* Work required
Copy the data exactly, pictures aside.

* Dataset extract
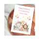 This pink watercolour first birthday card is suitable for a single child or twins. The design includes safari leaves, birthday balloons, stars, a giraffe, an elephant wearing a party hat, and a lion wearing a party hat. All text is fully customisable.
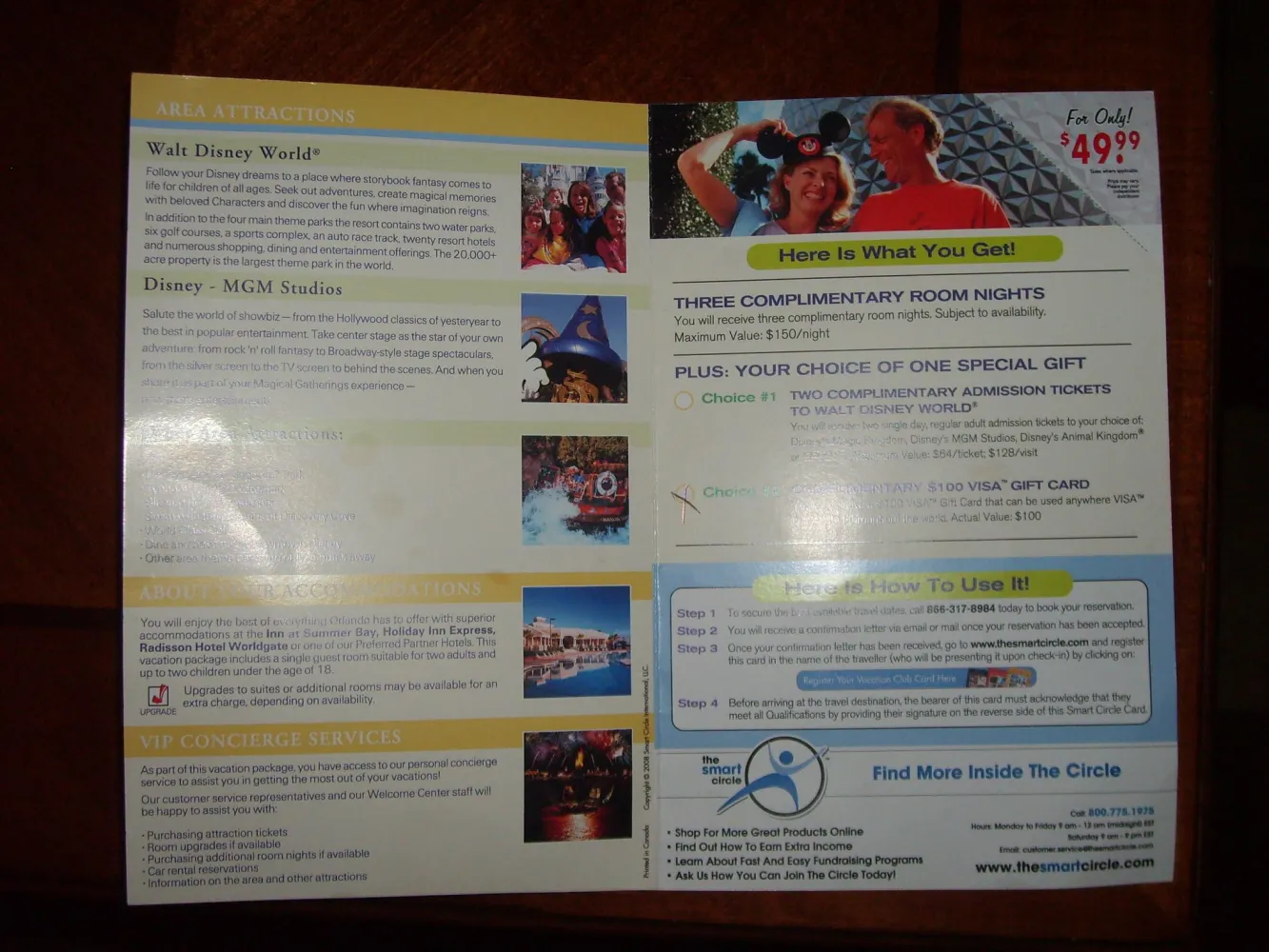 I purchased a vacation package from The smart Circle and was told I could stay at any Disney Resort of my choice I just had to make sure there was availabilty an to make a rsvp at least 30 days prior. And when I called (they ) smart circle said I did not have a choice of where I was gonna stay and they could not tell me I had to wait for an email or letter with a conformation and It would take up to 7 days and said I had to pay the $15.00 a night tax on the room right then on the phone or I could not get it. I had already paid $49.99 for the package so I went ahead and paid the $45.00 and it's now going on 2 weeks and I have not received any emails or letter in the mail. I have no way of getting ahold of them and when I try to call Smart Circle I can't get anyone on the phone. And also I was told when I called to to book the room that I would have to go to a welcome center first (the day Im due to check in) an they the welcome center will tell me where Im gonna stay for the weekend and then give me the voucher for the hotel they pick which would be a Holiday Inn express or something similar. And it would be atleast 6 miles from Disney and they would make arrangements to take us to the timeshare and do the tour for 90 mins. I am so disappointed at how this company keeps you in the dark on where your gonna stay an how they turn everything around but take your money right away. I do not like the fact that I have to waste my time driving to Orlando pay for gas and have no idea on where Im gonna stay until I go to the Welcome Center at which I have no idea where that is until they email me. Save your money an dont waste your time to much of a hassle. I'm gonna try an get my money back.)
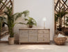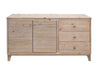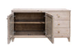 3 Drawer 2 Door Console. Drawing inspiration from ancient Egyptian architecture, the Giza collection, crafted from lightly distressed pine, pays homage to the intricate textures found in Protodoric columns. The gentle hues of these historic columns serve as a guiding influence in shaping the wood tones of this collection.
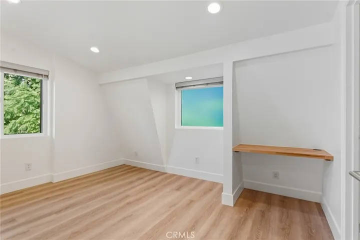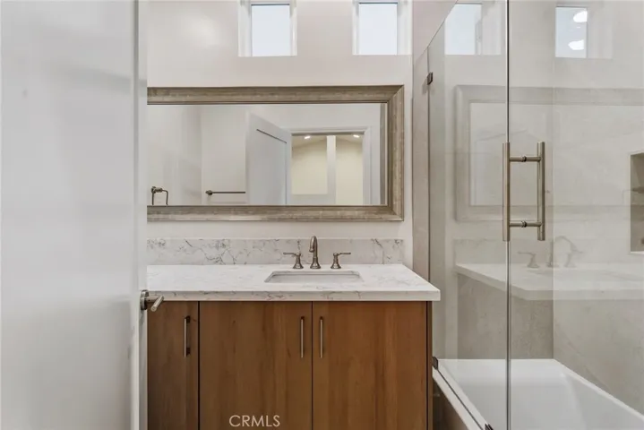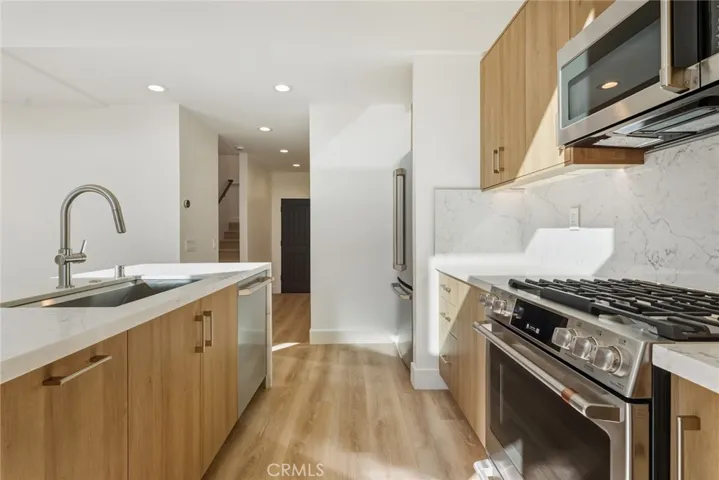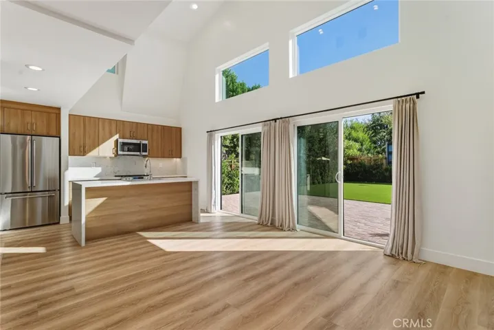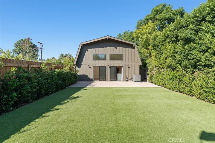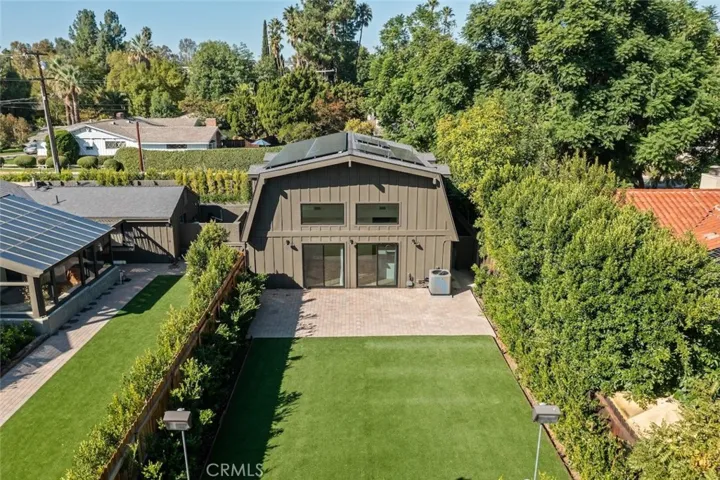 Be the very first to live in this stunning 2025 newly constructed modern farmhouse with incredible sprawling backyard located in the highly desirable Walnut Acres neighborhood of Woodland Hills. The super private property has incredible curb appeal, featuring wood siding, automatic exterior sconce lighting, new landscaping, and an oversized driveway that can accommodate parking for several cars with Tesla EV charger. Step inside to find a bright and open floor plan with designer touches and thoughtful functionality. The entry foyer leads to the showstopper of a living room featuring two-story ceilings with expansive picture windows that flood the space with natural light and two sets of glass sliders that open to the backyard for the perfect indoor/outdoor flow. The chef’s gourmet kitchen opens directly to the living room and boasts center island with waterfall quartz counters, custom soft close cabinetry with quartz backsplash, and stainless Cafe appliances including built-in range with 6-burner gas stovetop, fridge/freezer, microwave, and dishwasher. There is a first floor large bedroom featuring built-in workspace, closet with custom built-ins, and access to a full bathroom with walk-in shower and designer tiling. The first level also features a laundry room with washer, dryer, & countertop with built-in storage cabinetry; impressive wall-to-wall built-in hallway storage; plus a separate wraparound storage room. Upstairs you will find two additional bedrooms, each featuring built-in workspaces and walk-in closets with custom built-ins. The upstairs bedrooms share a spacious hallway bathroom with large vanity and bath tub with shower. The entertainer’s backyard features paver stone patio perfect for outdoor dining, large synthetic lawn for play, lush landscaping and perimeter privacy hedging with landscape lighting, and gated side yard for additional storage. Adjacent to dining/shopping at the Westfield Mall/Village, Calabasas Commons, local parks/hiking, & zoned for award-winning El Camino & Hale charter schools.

* Exercise response
 This pink watercolour first birthday card is suitable for a single child or twins. The design includes safari leaves, birthday balloons, stars, a giraffe, an elephant wearing a party hat, and a lion wearing a party hat. All text is fully customisable.
 I purchased a vacation package from The smart Circle and was told I could stay at any Disney Resort of my choice I just had to make sure there was availabilty an to make a rsvp at least 30 days prior. And when I called (they ) smart circle said I did not have a choice of where I was gonna stay and they could not tell me I had to wait for an email or letter with a conformation and It would take up to 7 days and said I had to pay the $15.00 a night tax on the room right then on the phone or I could not get it. I had already paid $49.99 for the package so I went ahead and paid the $45.00 and it's now going on 2 weeks and I have not received any emails or letter in the mail. I have no way of getting ahold of them and when I try to call Smart Circle I can't get anyone on the phone. And also I was told when I called to to book the room that I would have to go to a welcome center first (the day Im due to check in) an they the welcome center will tell me where Im gonna stay for the weekend and then give me the voucher for the hotel they pick which would be a Holiday Inn express or something similar. And it would be atleast 6 miles from Disney and they would make arrangements to take us to the timeshare and do the tour for 90 mins. I am so disappointed at how this company keeps you in the dark on where your gonna stay an how they turn everything around but take your money right away. I do not like the fact that I have to waste my time driving to Orlando pay for gas and have no idea on where Im gonna stay until I go to the Welcome Center at which I have no idea where that is until they email me. Save your money an dont waste your time to much of a hassle. I'm gonna try an get my money back.)
 3 Drawer 2 Door Console. Drawing inspiration from ancient Egyptian architecture, the Giza collection, crafted from lightly distressed pine, pays homage to the intricate textures found in Protodoric columns. The gentle hues of these historic columns serve as a guiding influence in shaping the wood tones of this collection.
 Be the very first to live in this stunning 2025 newly constructed modern farmhouse with incredible sprawling backyard located in the highly desirable Walnut Acres neighborhood of Woodland Hills. The super private property has incredible curb appeal, featuring wood siding, automatic exterior sconce lighting, new landscaping, and an oversized driveway that can accommodate parking for several cars with Tesla EV charger. Step inside to find a bright and open floor plan with designer touches and thoughtful functionality. The entry foyer leads to the showstopper of a living room featuring two-story ceilings with expansive picture windows that flood the space with natural light and two sets of glass sliders that open to the backyard for the perfect indoor/outdoor flow. The chef’s gourmet kitchen opens directly to the living room and boasts center island with waterfall quartz counters, custom soft close cabinetry with quartz backsplash, and stainless Cafe appliances including built-in range with 6-burner gas stovetop, fridge/freezer, microwave, and dishwasher. There is a first floor large bedroom featuring built-in workspace, closet with custom built-ins, and access to a full bathroom with walk-in shower and designer tiling. The first level also features a laundry room with washer, dryer, & countertop with built-in storage cabinetry; impressive wall-to-wall built-in hallway storage; plus a separate wraparound storage room. Upstairs you will find two additional bedrooms, each featuring built-in workspaces and walk-in closets with custom built-ins. The upstairs bedrooms share a spacious hallway bathroom with large vanity and bath tub with shower. The entertainer’s backyard features paver stone patio perfect for outdoor dining, large synthetic lawn for play, lush landscaping and perimeter privacy hedging with landscape lighting, and gated side yard for additional storage. Adjacent to dining/shopping at the Westfield Mall/Village, Calabasas Commons, local parks/hiking, & zoned for award-winning El Camino & Hale charter schools.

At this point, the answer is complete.